### EXERCISE AIM
Could you reproduce all the entries under this sentence exactly, leaving the images aside?

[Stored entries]
↓
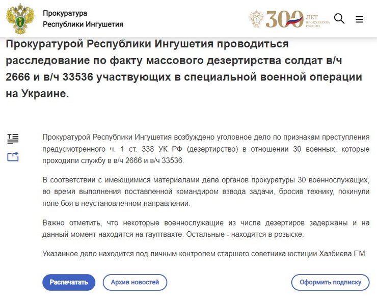 Варто зазначити, що в Мережі також було виявлено ресурс під назвою "Прокуратура Республіки Інгушетія". У колонці сайту знаходиться повідомлення, в якому йдеться про дезертирство 30 солдатів, які беруть участь у так званій "спеціальній військовій операції в Україні".
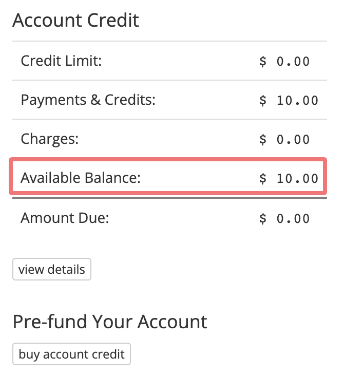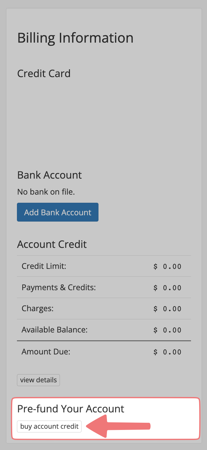 On the Settings / Billing page for your account, locate the "Billing Information" section. At the bottom of the section under the "Pre-fund Your Account" option, click on the button labeled "buy account credit".
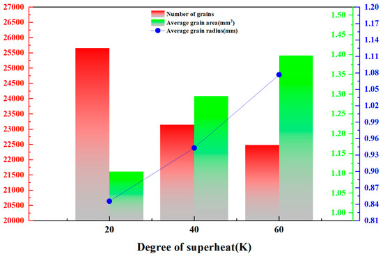 From Figure 7, the solidification organization is divided into three regions, the surface fine crystal region, the columnar crystal region and the central equiaxed crystal region. The evolution rule is that the fine crystal zone on the surface of the ingot gradually develops into a coarse columnar crystal zone along the radial direction, while the central part of the ingot is the equiaxed crystal zone, and the simulated solidification tissue evolution is in accordance with the solidification theory. It is obvious from the solidification tissue growth state that the size of columnar crystals becomes larger and larger as the superheat increases, and the original growth area of equiaxed crystals is occupied by columnar crystals, while the growth area of equiaxed crystals decreases in scope and the size of equiaxed crystals also increases slightly. In order to analyze the simulation results in detail, the isometric crystal size measurements were performed using ImageJ 1.8.0 software. Table 3 shows the calculation results about the number of grains, etc., under different superheat degrees, and Figure 8 shows the effect of different superheat degrees on the isometric crystal size.
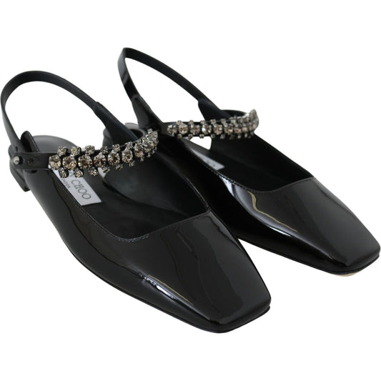 Jimmy Choo Black Patent Leather Mahdis Flat Shoes
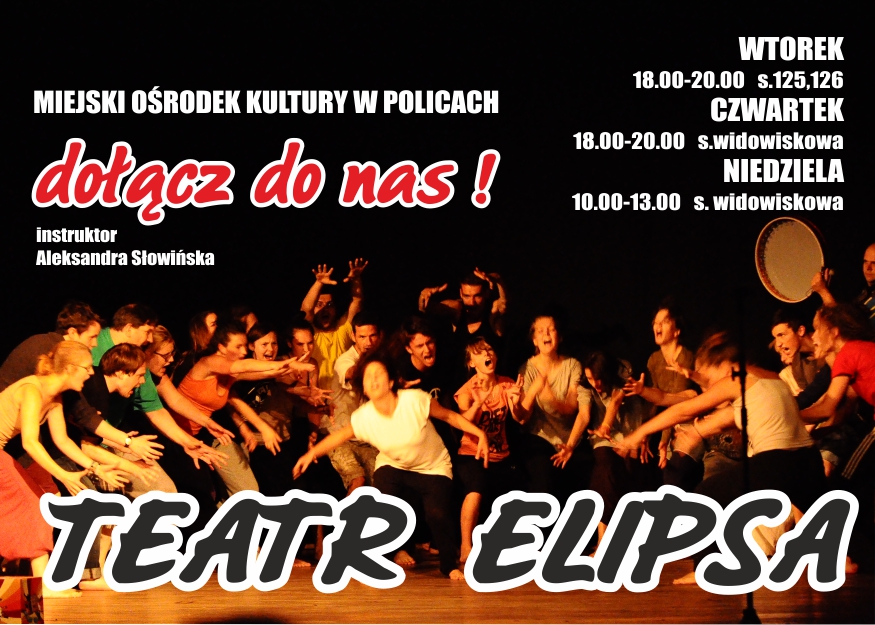 1 października 2014 dołącz do nas- TEATR ELIPSA Jesteśmy grupką młodych i kochających teatr, przyjaciółmi i zakręconymi ludźmi… Działami w Miejskim Ośrodku Kultury w Policach i zapraszamy do udziału w naszych przeds... czytaj dalej >
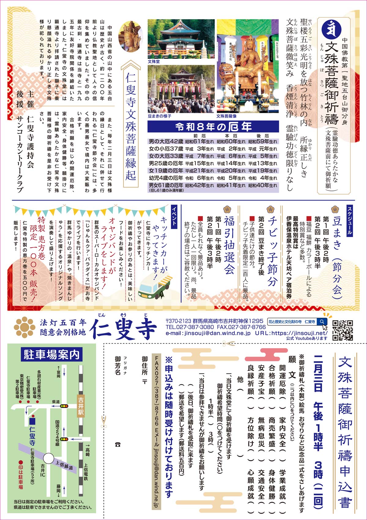 室町時代大永二年(1522年)に創建されました。当山境内には数多くの門や堂が配置よく建立され、県内屈指の伽藍配置を誇り曹洞宗の霊場の峻厳な雰囲気が漂ってきます。群馬は上毛三山(赤城、榛名、妙義)をはじめとする秀麗な山々と数多くの温泉を誇る自然の豊かな地です。そんな群馬と共に歩んできた仁叟寺にようこそ。年間を通しての心温まる行事の数々、落ち着いた坐禅堂にての坐禅会も行っております。
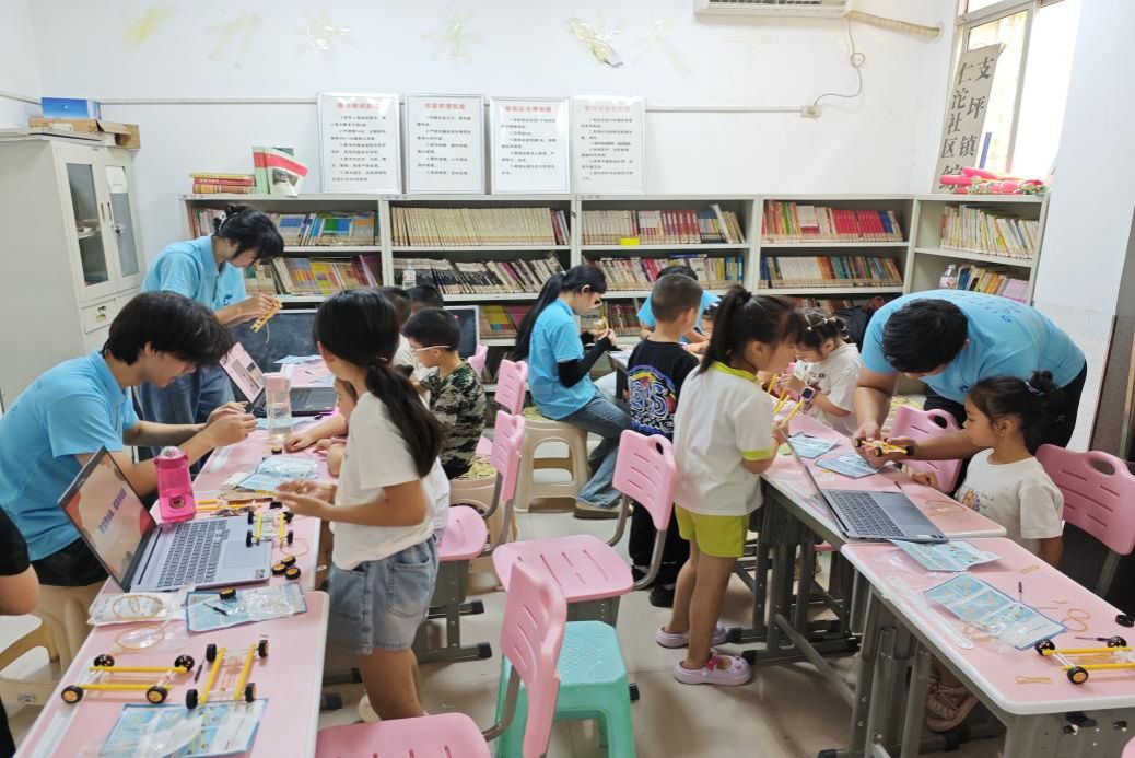 为激发社区儿童对科学的探索热情,培养动手实践能力,7月18日,9001诚信金沙“智美赋能乡村,科创驱动振兴”社会实践团走进仁沱社区,开展“巧手制皮筋车,童心探科学趣”社区科普课,以趣味实验与手工制作,为孩子们开启一场奇妙的科学之旅。
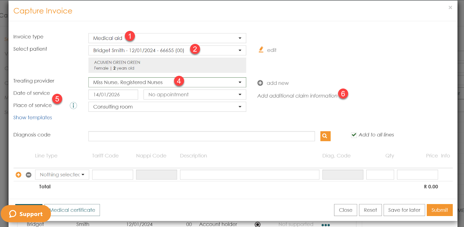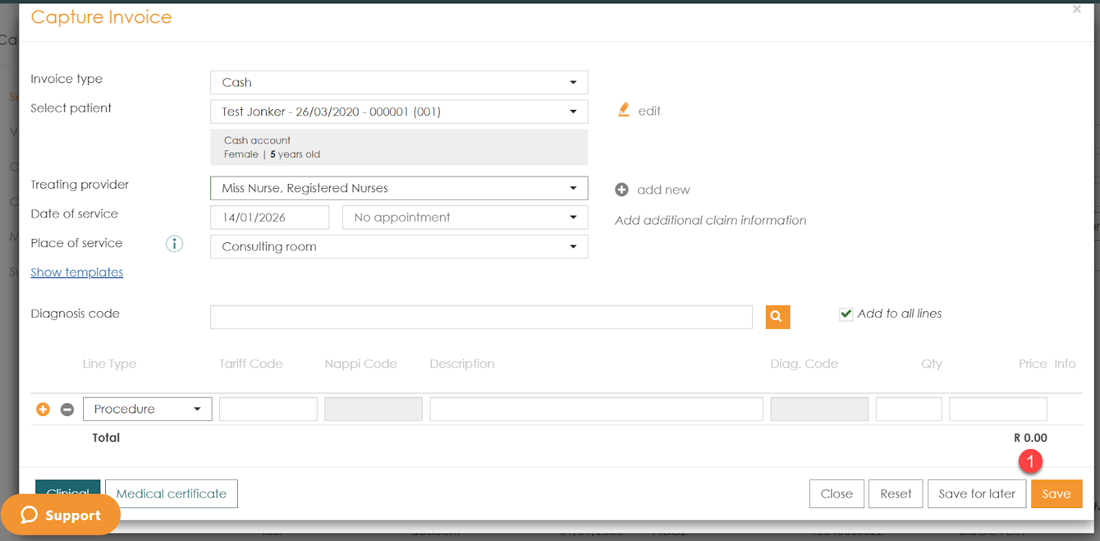 - Line Items: Select the Line Type (e.g., Procedure) and ensure the Tariff Code is correct.
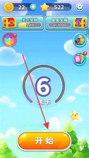 3、在关卡选择页,点击“开始”进入第6关,用收集道具解谜,推进关卡,获取奖励(星星、金币)。
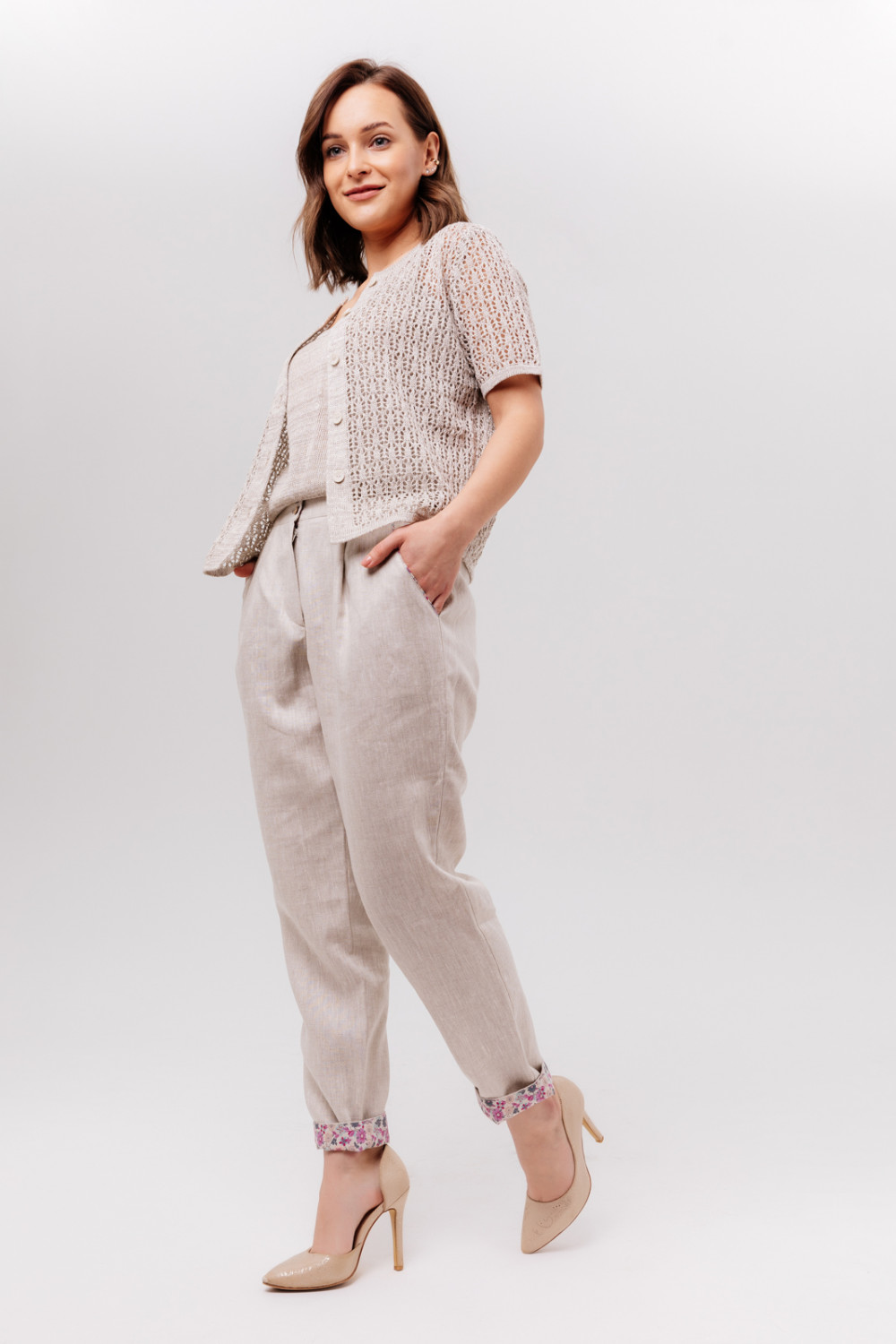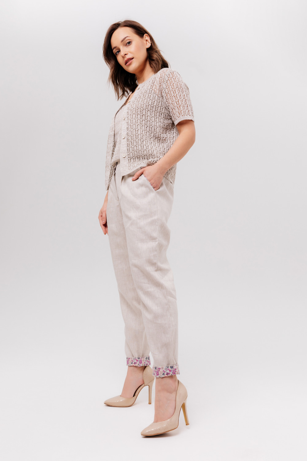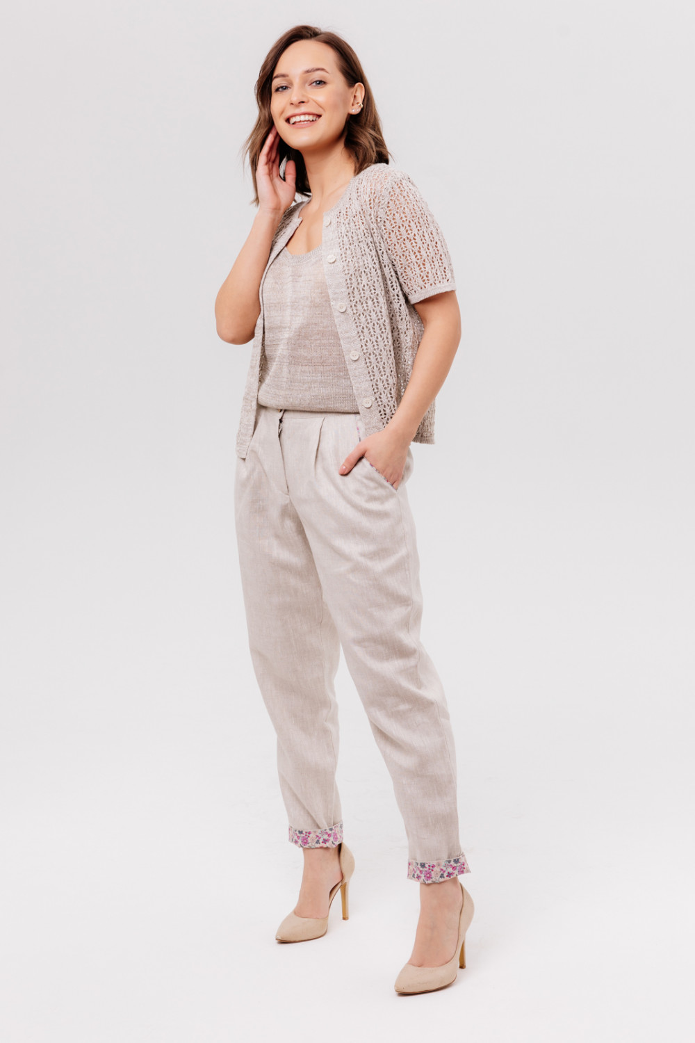 Слаксы из льняной ткани. На передней половинке брюк карманы подрезные. Пояс на резинке. Отделка внутренняя на поясе, кармане и по низу брюк. Отделка 100% хлопок.
↑
### SOLUTION
 Варто зазначити, що в Мережі також було виявлено ресурс під назвою "Прокуратура Республіки Інгушетія". У колонці сайту знаходиться повідомлення, в якому йдеться про дезертирство 30 солдатів, які беруть участь у так званій "спеціальній військовій операції в Україні".
 On the Settings / Billing page for your account, locate the "Billing Information" section. At the bottom of the section under the "Pre-fund Your Account" option, click on the button labeled "buy account credit".
 From Figure 7, the solidification organization is divided into three regions, the surface fine crystal region, the columnar crystal region and the central equiaxed crystal region. The evolution rule is that the fine crystal zone on the surface of the ingot gradually develops into a coarse columnar crystal zone along the radial direction, while the central part of the ingot is the equiaxed crystal zone, and the simulated solidification tissue evolution is in accordance with the solidification theory. It is obvious from the solidification tissue growth state that the size of columnar crystals becomes larger and larger as the superheat increases, and the original growth area of equiaxed crystals is occupied by columnar crystals, while the growth area of equiaxed crystals decreases in scope and the size of equiaxed crystals also increases slightly. In order to analyze the simulation results in detail, the isometric crystal size measurements were performed using ImageJ 1.8.0 software. Table 3 shows the calculation results about the number of grains, etc., under different superheat degrees, and Figure 8 shows the effect of different superheat degrees on the isometric crystal size.
 Jimmy Choo Black Patent Leather Mahdis Flat Shoes
 1 października 2014 dołącz do nas- TEATR ELIPSA Jesteśmy grupką młodych i kochających teatr, przyjaciółmi i zakręconymi ludźmi… Działami w Miejskim Ośrodku Kultury w Policach i zapraszamy do udziału w naszych przeds... czytaj dalej >
 室町時代大永二年(1522年)に創建されました。当山境内には数多くの門や堂が配置よく建立され、県内屈指の伽藍配置を誇り曹洞宗の霊場の峻厳な雰囲気が漂ってきます。群馬は上毛三山(赤城、榛名、妙義)をはじめとする秀麗な山々と数多くの温泉を誇る自然の豊かな地です。そんな群馬と共に歩んできた仁叟寺にようこそ。年間を通しての心温まる行事の数々、落ち着いた坐禅堂にての坐禅会も行っております。
 为激发社区儿童对科学的探索热情,培养动手实践能力,7月18日,9001诚信金沙“智美赋能乡村,科创驱动振兴”社会实践团走进仁沱社区,开展“巧手制皮筋车,童心探科学趣”社区科普课,以趣味实验与手工制作,为孩子们开启一场奇妙的科学之旅。
 - Line Items: Select the Line Type (e.g., Procedure) and ensure the Tariff Code is correct.
 3、在关卡选择页,点击“开始”进入第6关,用收集道具解谜,推进关卡,获取奖励(星星、金币)。
 Слаксы из льняной ткани. На передней половинке брюк карманы подрезные. Пояс на резинке. Отделка внутренняя на поясе, кармане и по низу брюк. Отделка 100% хлопок.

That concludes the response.